Are the choices we make purely a function of free will shaped by life experience? Or, are our choices and accomplishments largely determined by predispositions and potentialities? Dr. Ann Lang, a professor of behavioral genetics, sought a deeper understanding of the biological mechanisms that shape us. Over the course of her research into heritable human characteristics, particularly intelligence, she discovered an unexpected family link to the very foundation of the once discredited and a now revived branch of human genetics. In the course of her work and evolving personal life, she is confronted by choices that would subordinated collective moral values to emerging social and political imperatives - forces that promise the advancement of human potential.
Nigel began work at Karl Pearson's well-funded Eugenics Record Office at University College on May 1, 1910. After a brief orientation during which he was told, "The principle goal of the ERO is without political agenda, but is in fact a search for truth," his initial assignment was to perform the complex calculus linking what were thought to be inherited characteristics with the proximity of familial relationships. He worked in a room with long tables amidst mostly women. Pearson employed top female graduates in mathematics because he was able to pay them less. Although the makeup of his co-workers required some adjustment, in time Nigel adapted to the personal chatter, and was able to engage in conversation during rare interludes between silent working. His duties required intense concentration, as the computations were laborious. Distractions easily produced errors that were hard to locate after the fact. While the women worked without complaint, Wellbourne grew weary of the tedium. Fortunately, each worker was given a complete data set regarding some particular human characteristic. Nigel had been lucky that he was initially assigned calculations related to observed intelligence.
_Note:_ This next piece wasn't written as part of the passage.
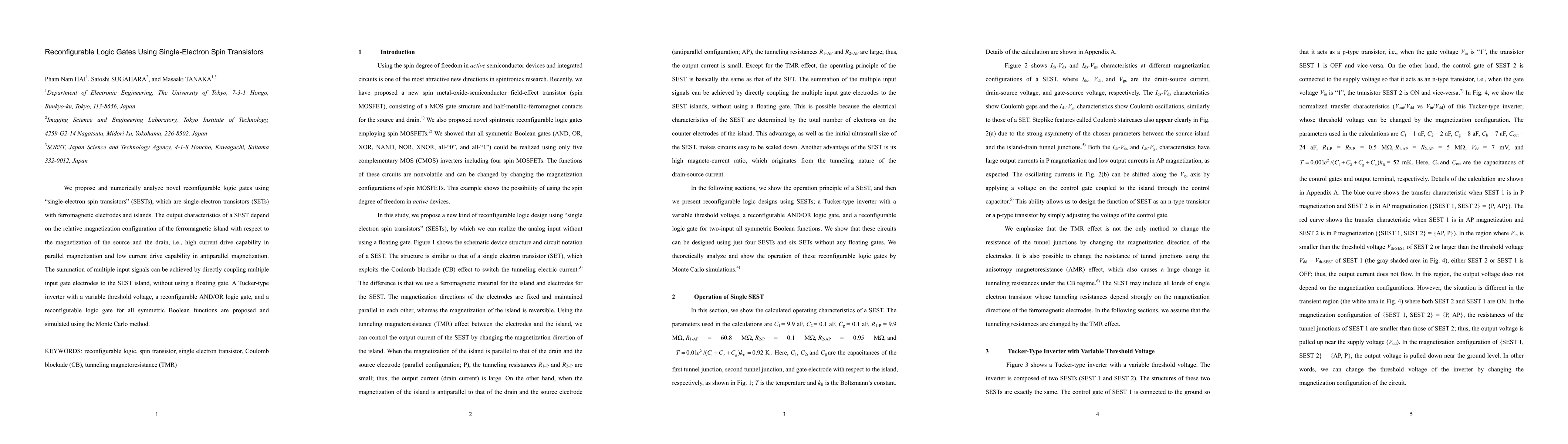 This paper proposes reconfigurable logic gates using single-electron spin transistors (SESTs), which leverage the magnetization configuration of ferromagnetic electrodes to control output characteristics. The study simulates various logic gates, including inverters, AND/OR gates, and symmetric Boolean functions, using the Monte Carlo method.

He found the subject of his particular calculations to be of much greater interest than studies of the more distasteful human characteristics, such as drunkenness, disease, licentiousness, physical malformation, nomadism, and similar symptoms of wantonness and degeneracy. Such were the range of "defectives," as eugencists termed it, that were studied at the lab. To keep himself fully engaged, he looked for ways to improve the research process. Not long after beginning his job, Wellbourne observed that comparing subjective ratings of student intellect with the proximity of familial relationships would not enable the precise measurement that the nature of the problem warranted. Absent the proof of a Gaussian distribution, and with a relatively small sample of data, he repeatedly asserted to anyone who would listen that Spearman's statistical approach would have been a better choice.
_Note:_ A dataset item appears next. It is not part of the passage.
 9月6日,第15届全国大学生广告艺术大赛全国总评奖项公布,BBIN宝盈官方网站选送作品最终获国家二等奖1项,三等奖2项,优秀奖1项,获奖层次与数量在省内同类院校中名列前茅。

[Of such finicky parsing are scholars made.]
He had said so in several formal letters to his superiors. After first being taken aback by criticism from a new employee, they ultimately conceded his point. It was a bold move, given the well-known rivalry between Karl Pearson and Charles Spearman, acknowledged leaders in the field of statistical computation.
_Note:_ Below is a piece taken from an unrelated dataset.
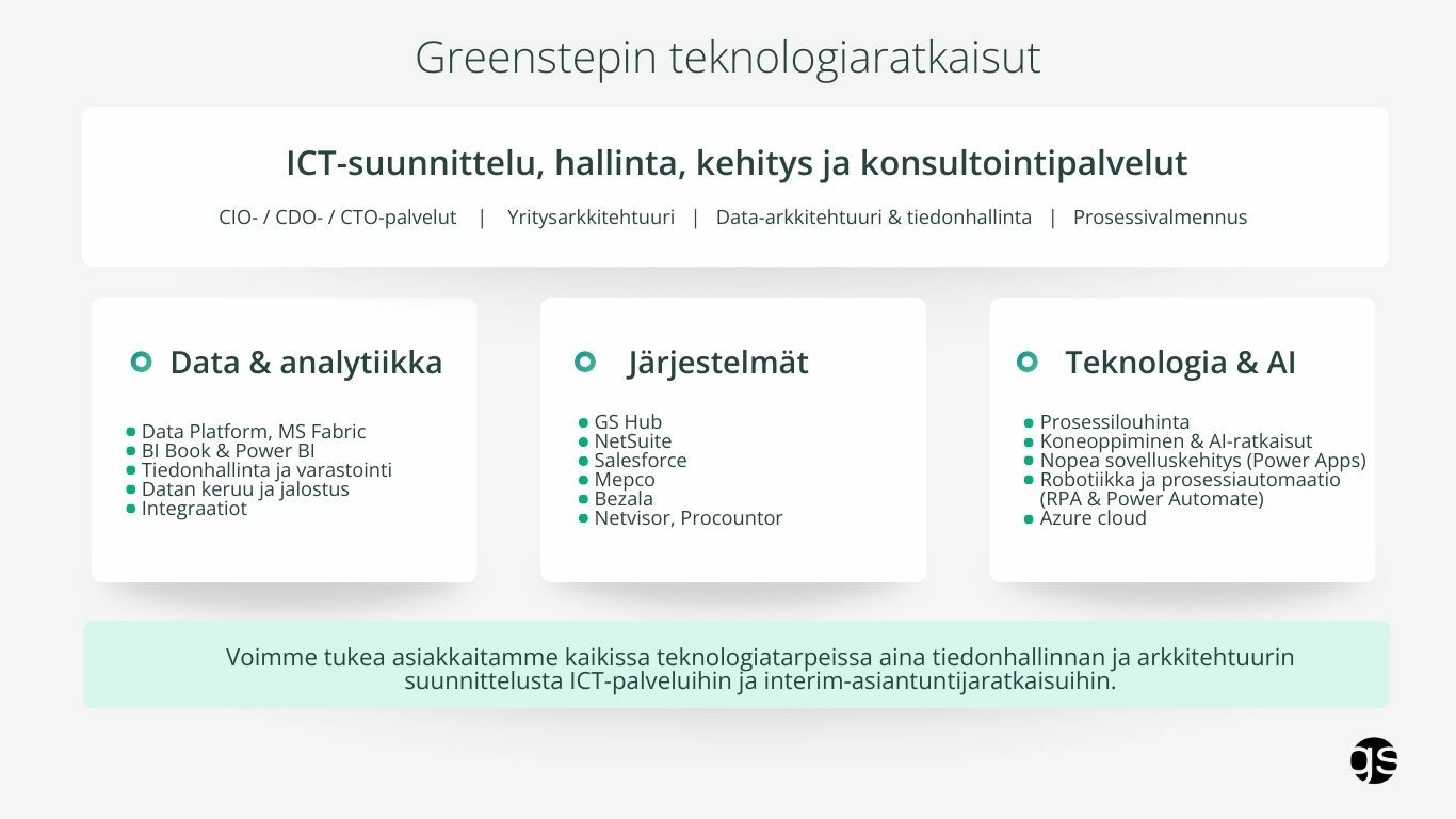 Olipa kyse mistä tahansa palvelustamme – palkanlaskennasta, kirjanpidosta, HR:sta, vastuullisuudesta, analytiikasta – teknologia on aina toimintamme ytimessä. Yli 100 teknologiaosaajamme ansiosta Greenstep on luotettava ja innovatiivinen teknologiakumppani yrityksellesi.

Although the ERO's calculation methods were not modified, his superiors began to pay closer attention to Wellbourne. They had seen in him something that, though peculiar, might augur a more significant future role. Not long after he sent his last letter on calculation methods, Wellbourne penned another recommendation. Examining the files where the field-workers' case notes were kept, Nigel concluded that the coding system could be improved. He proposed that each case questionnaire would be given a five-place category code. The first digit, on a scale from one to four, would indicate intelligence, with 1 being superior and 4 deficient. The second digit would be numerically coded to indicate temperament, such as lunacy, pauperism, criminality, promiscuity, well adjusted and the like. The third code would indicate morphology, or peculiar physical characteristics, such as head or extremity deformities, or movement anomalies. The fourth would indicate any special ability, such as math skills, musicality, or athleticism. The fifth would be a familial or surname indicator to indicate family groupings. Admittedly more laborious, his approach would enable researchers to quickly spot patterns within and between characteristics. One could see at a glance at the files that those with exceptional math skills, for example, tended to have higher ratings of intellect.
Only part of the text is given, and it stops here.